(Listed records)
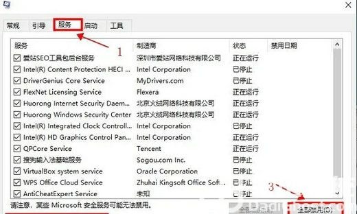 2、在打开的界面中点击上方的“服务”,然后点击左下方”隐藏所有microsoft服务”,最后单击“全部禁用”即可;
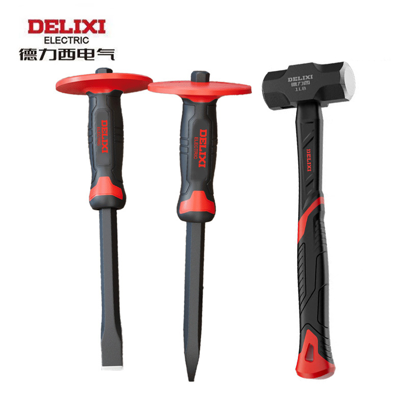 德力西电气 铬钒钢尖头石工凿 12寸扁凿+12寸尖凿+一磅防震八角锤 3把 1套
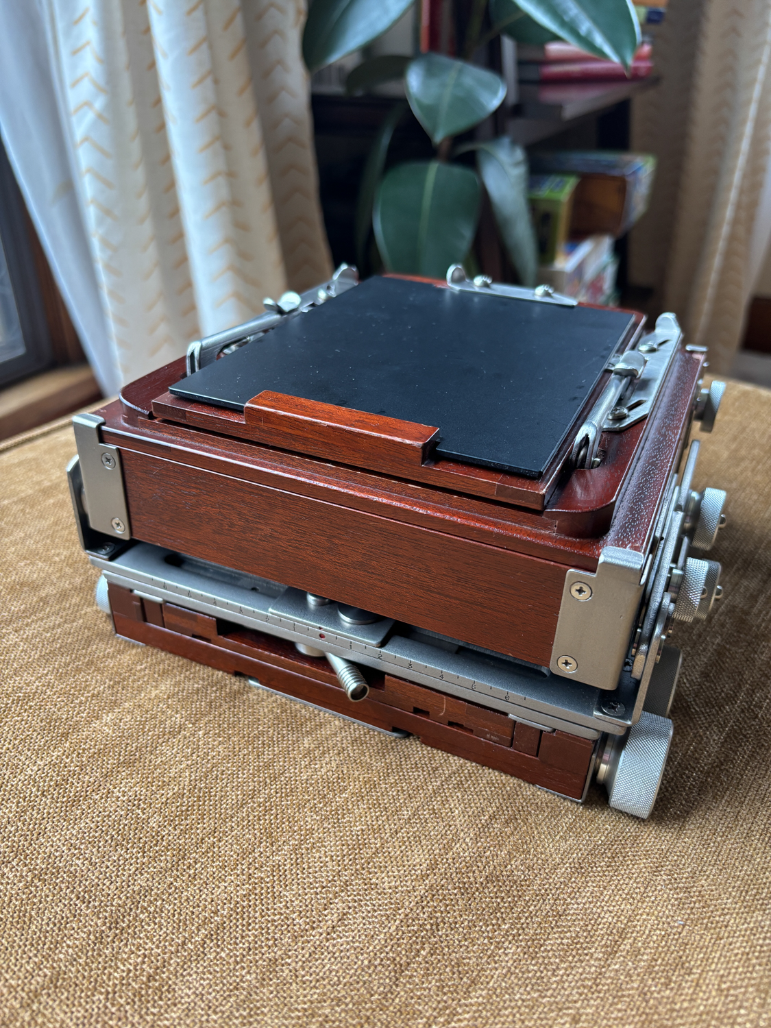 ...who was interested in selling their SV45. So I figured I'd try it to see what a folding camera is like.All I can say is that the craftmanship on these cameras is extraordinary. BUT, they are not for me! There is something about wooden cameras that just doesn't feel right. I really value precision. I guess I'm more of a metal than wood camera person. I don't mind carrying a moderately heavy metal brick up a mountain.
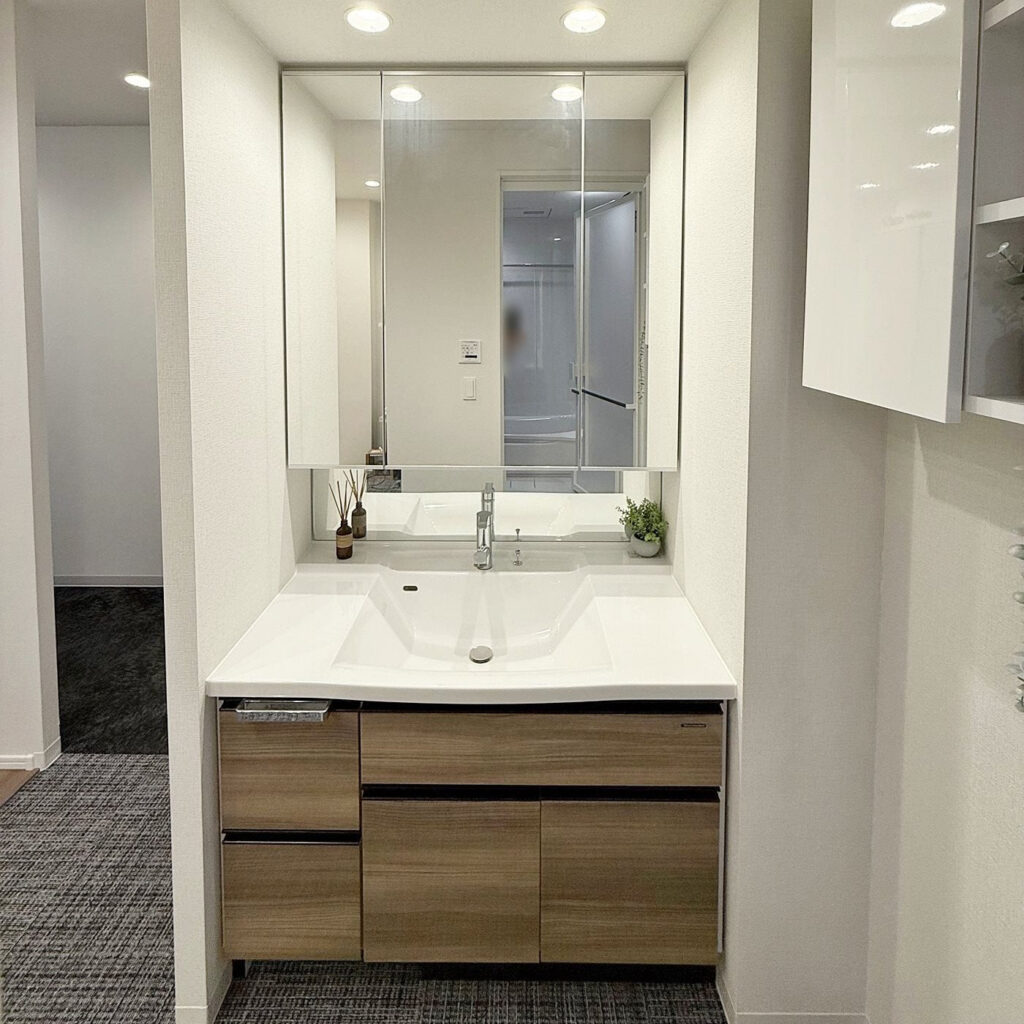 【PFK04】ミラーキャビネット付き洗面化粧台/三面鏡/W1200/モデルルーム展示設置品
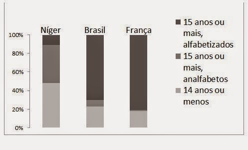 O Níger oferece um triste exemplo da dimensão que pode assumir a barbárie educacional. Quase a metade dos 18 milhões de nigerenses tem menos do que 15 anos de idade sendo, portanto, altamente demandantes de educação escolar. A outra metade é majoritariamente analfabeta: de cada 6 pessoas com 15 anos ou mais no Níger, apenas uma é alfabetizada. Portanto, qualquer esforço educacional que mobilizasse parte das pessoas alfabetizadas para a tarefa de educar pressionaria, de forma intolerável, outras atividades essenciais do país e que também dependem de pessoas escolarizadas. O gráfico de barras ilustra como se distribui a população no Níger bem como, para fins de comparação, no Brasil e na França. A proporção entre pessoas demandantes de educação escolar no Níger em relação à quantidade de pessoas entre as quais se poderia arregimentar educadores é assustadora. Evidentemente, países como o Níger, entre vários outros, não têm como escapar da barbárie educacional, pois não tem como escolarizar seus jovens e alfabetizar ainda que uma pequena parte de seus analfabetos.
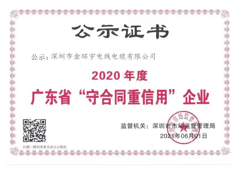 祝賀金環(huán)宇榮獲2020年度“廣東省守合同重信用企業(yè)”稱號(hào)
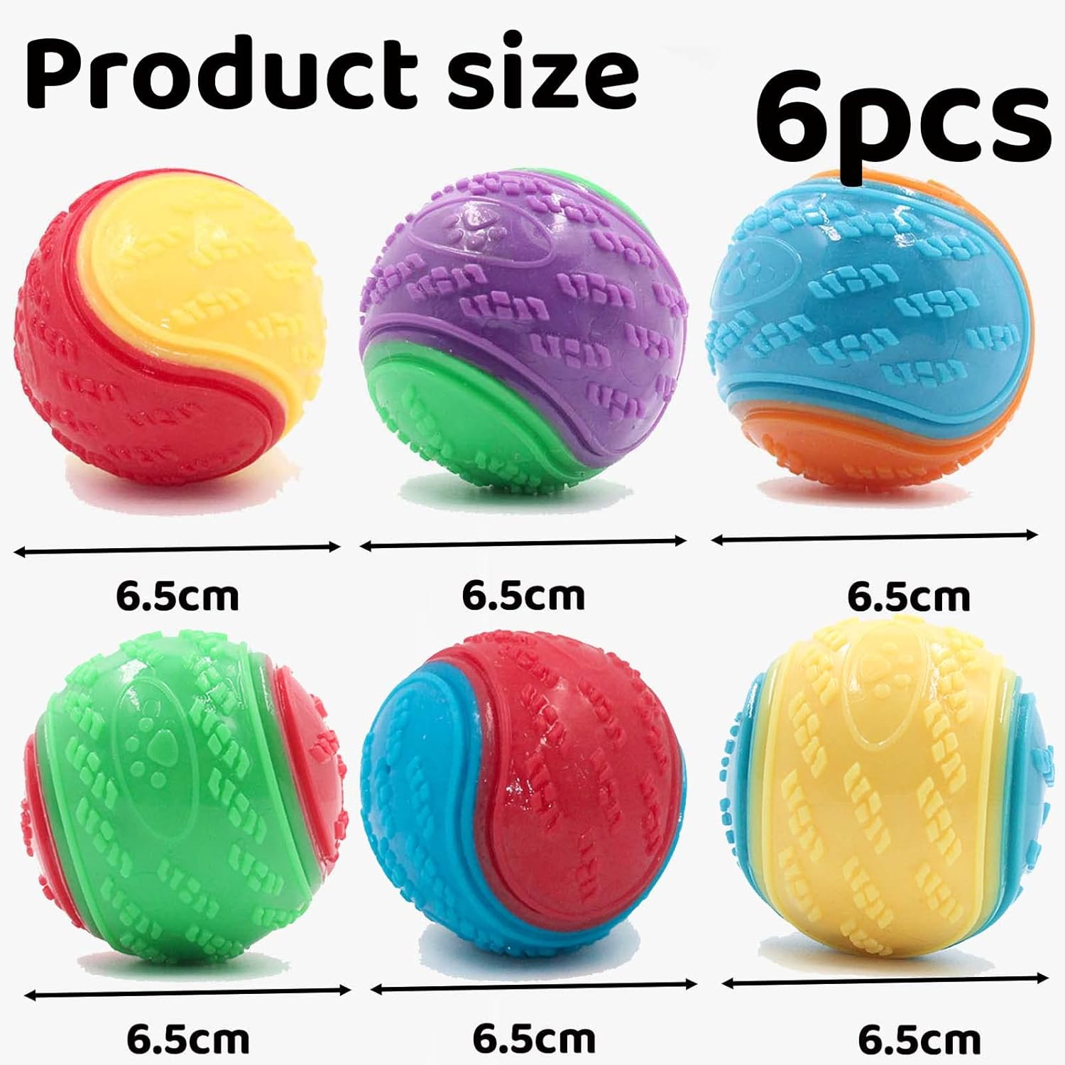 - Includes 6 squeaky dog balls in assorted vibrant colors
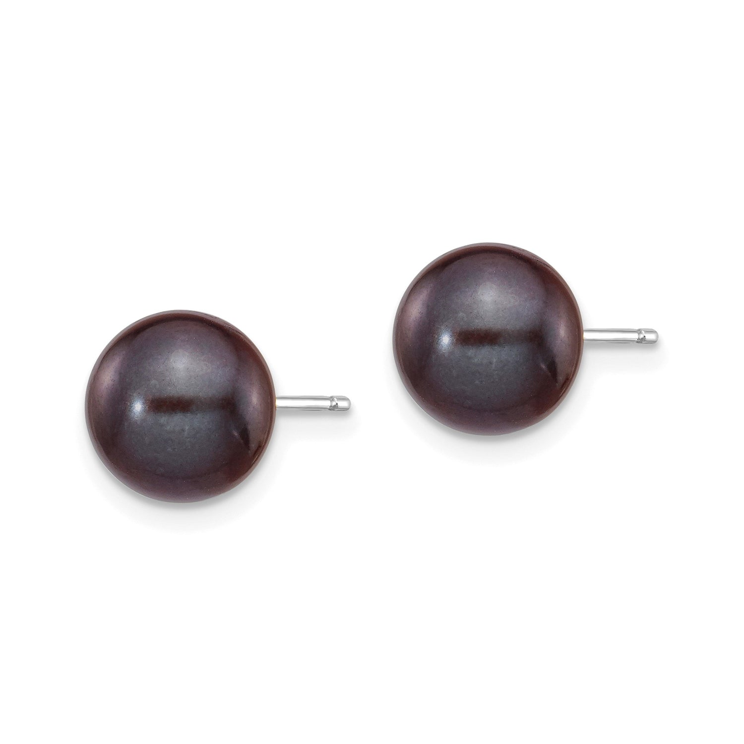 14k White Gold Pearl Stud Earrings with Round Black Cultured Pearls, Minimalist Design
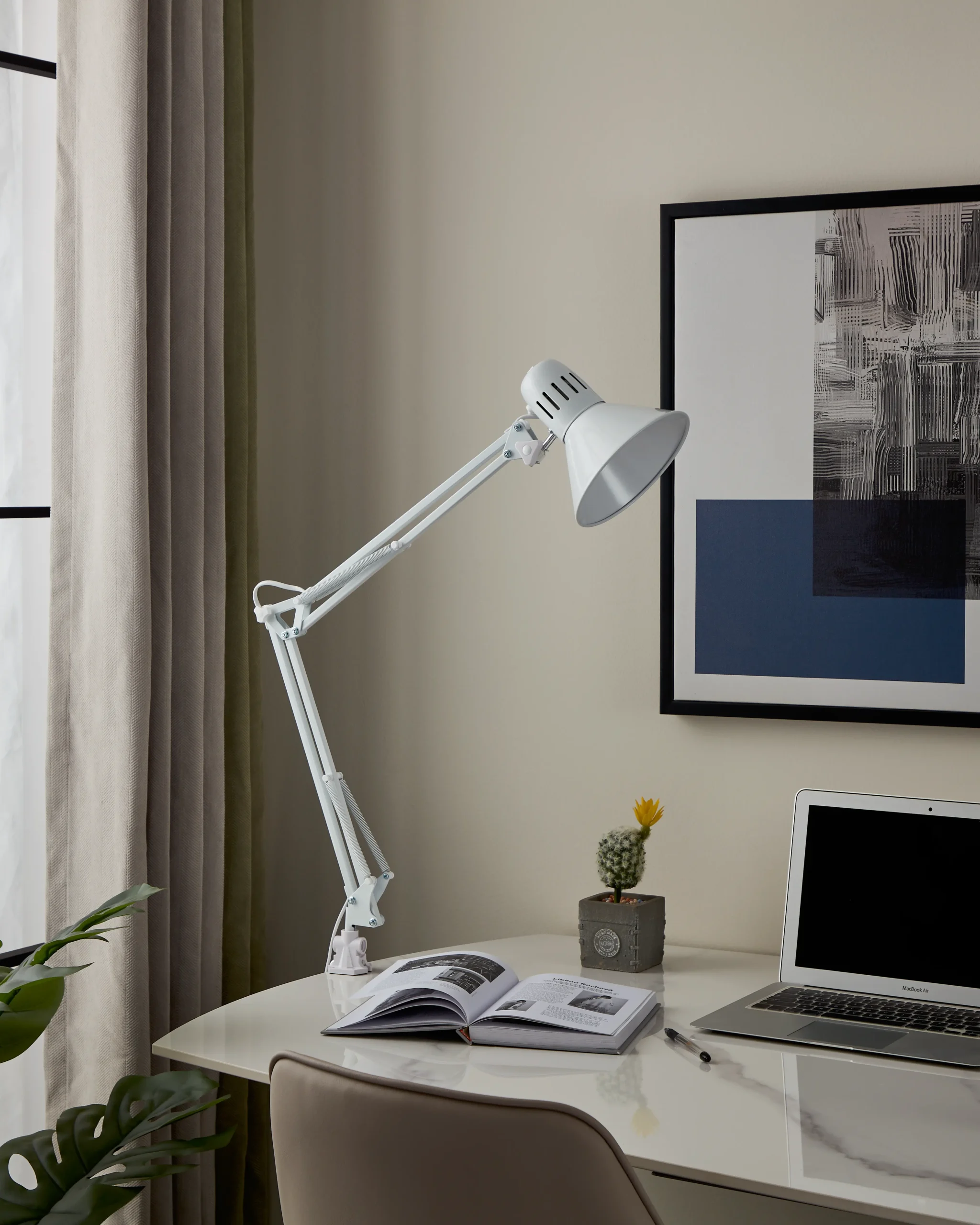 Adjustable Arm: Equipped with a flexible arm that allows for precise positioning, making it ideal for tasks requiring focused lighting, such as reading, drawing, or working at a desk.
(End Listed records)
*Prompt*
Make an exact copy of the lines above, starting at the line that contains "14k White Gold" and running through the final line of the entries. Omit the pictures.

*Task answer*
 14k White Gold Pearl Stud Earrings with Round Black Cultured Pearls, Minimalist Design
 Adjustable Arm: Equipped with a flexible arm that allows for precise positioning, making it ideal for tasks requiring focused lighting, such as reading, drawing, or working at a desk.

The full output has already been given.